REMOTE is a Java-based robot manipulator simulator, produced as my undergraduate thesis at Simon Fraser University under the direction of Dr. John Dill.  REMOTE is a simulation application, designed to give engineering students exposure to robot manipulators, and robot programming, while minimizing the cost in facilities and equipment to the university.

As the first step in the development of a virtual robotics laboratory, the REMOTE simulator, pictured right, allows students to input basic programs and view the simulated results.  The manipulator simulated by the first version of the REMOTE application is the Scorbot ER III; students program the simulation in the Scorbot's native language, Scorbase.

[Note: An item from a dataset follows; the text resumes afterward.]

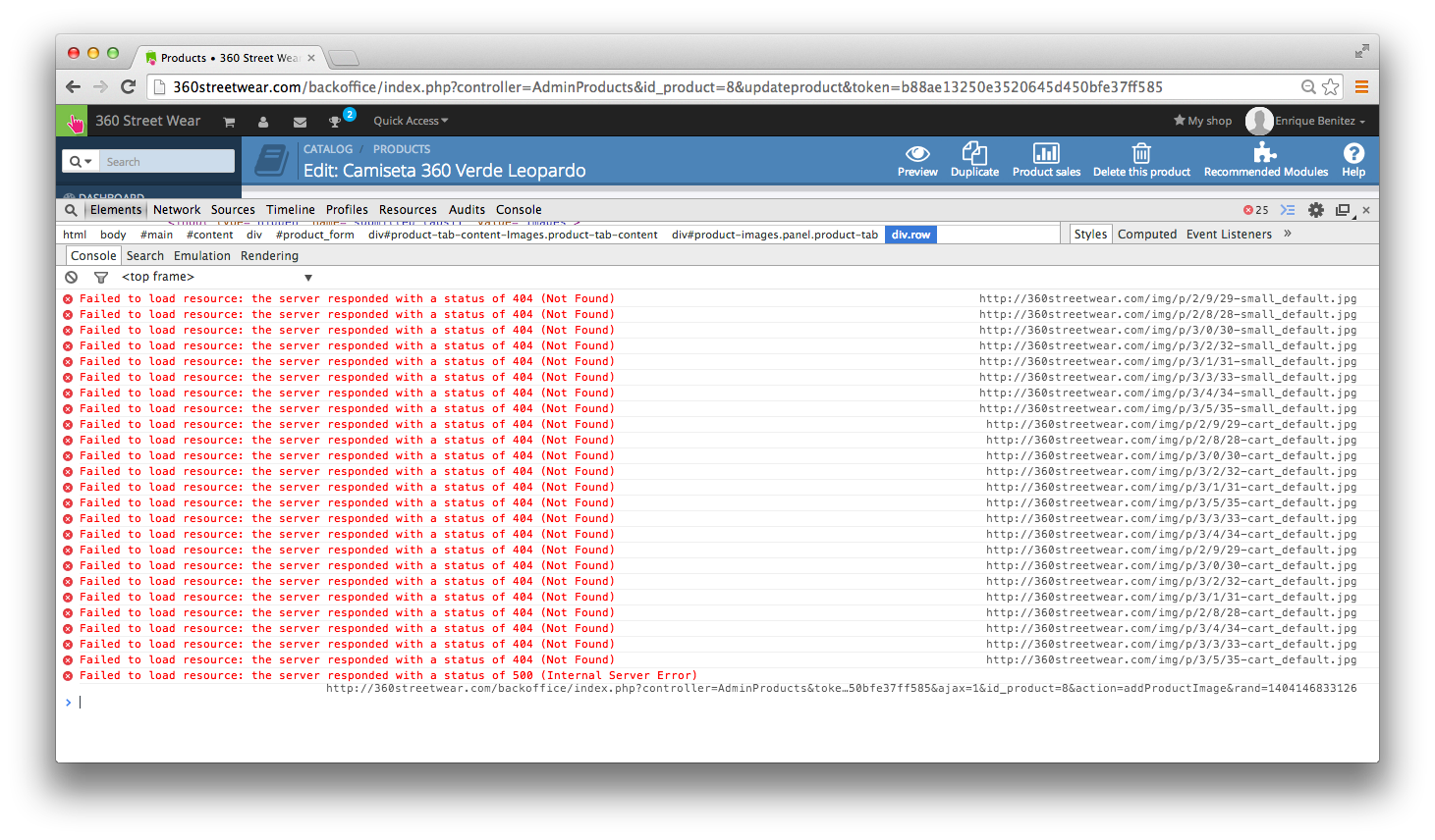 enriquebp Posted July 10, 2014 Share Posted July 10, 2014 (edited) Hi, I can't upload product images. I have tried some of the solutions that I've found on this forum and elsewhere on the internet but nothing seems to work. I can't find a thread dealing with the exact same problem. When I try to upload a product image, a box showing an error (with no text) appears (attachment 1). When I use the "inspect element" option in Chrome (attachment 2) to find out more about what is happening, it shows (I think) that there is some kind of problem when uploading or processing the thumbnails of the original product image. I changed the permissions assigned to those files and directories but it didn't fix it. I'm running Prestashop 1.6.0.6 on 1and1 hosting. Has anyone had this problem before? Can anyone suggest a solution? Thank you very much. Edited July 10, 2014 by enriquebp (see edit history) Link to comment Share on other sites More sharing options...

In order to maximize the effort invested in the development of the simulator, the application is easily configurable to simulate alternate manipulators.  Robot links are built out of 3D models developed in standard 3D editor software, and configured via a text file.  An inverse kinematics module must be developed for each robot manipulator with different topographies (i.e. 3-link with revolute joints is different from a 4-link with prismatic joints).  Different robot language parsers can be easily developed, and 'plugged in' to the simulator without requiring re-compilation of the entire application.

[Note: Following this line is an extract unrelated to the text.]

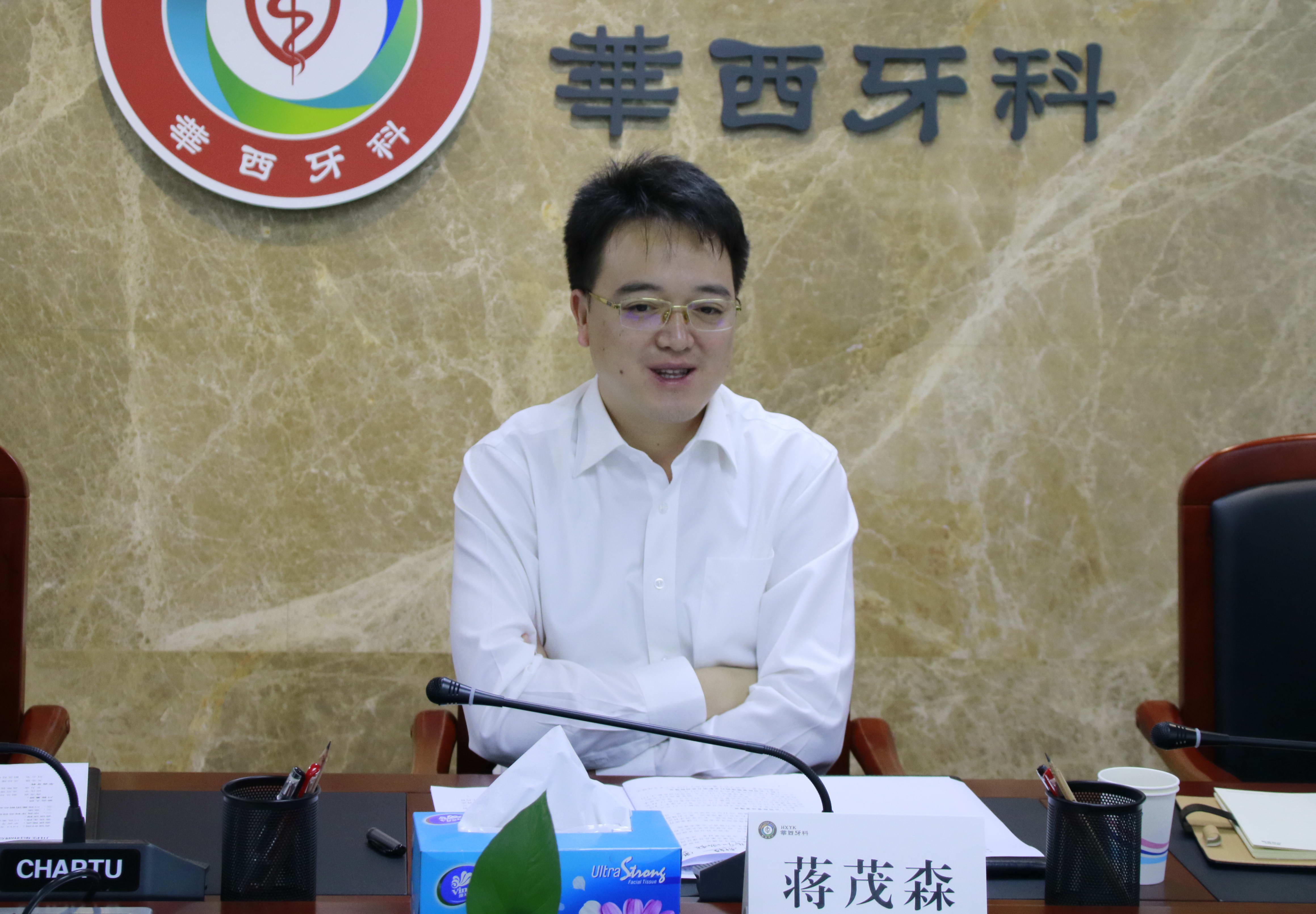 隨后,在華西牙科召開了座談會,會上關(guān)志強總經(jīng)理首先感謝蔣總一行對華西牙科的關(guān)心和重視,隨后從公司基本情況、經(jīng)營發(fā)展?fàn)顩r、口腔行業(yè)現(xiàn)狀、與集團兄弟單位協(xié)同情況、發(fā)展的優(yōu)勢及不足、下一步打算、懇請支持事項等七個方面匯報了華西牙科的發(fā)展情況。關(guān)總表示,華西牙科目前還處在初創(chuàng)期,希望川投集團給予更多的指導(dǎo)和支持。

The second step in the REMOTE project, yet to be undertaken by the School of Engineering, will be to integrate the simulator with an actual manipulator.  By doing this, students will be able to remotely conduct robotics experiments, watching the results via streaming video over the Internet.  Another student at SFU has already succeeded in creating a simple server which accepts Scorbase commands from the user via an applet on a web page.  It should be a fairly straightforward process to incorporate the client-side applet code into REMOTE's simulation structure.

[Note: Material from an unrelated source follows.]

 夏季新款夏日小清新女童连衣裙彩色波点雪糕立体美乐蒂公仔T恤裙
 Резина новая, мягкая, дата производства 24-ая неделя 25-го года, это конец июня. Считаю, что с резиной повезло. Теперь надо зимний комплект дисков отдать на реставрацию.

The current release of REMOTE is fully functional, providing a 3D model representation of the current state of the robot as the simulation is being run.  All of the usual amenities common to most of today's applications are present: graphical toolbar, tooltips, and online help are all present.

Some parts of REMOTE could be enhanced further still: The 3D model decoder used by the simulator is not capable of decoding material color or surface characteristics (reflectivity, absorption, diffuse reflectivity), rendering the model in a rather unrealistic shiny plastic grey.

Future versions of REMOTE should incorporate a more generalized simulation architecture, to allow for 'real world' simulation.  For example, if a manipulator is holding a ball and the manipulator releases the ball, the ball should fall under the force of gravity.  Of course, this assume that the environment is simulating Earth conditions; it should be possible to simulate other environments, such as underwater, zero-gravity, or viscous fluid environments.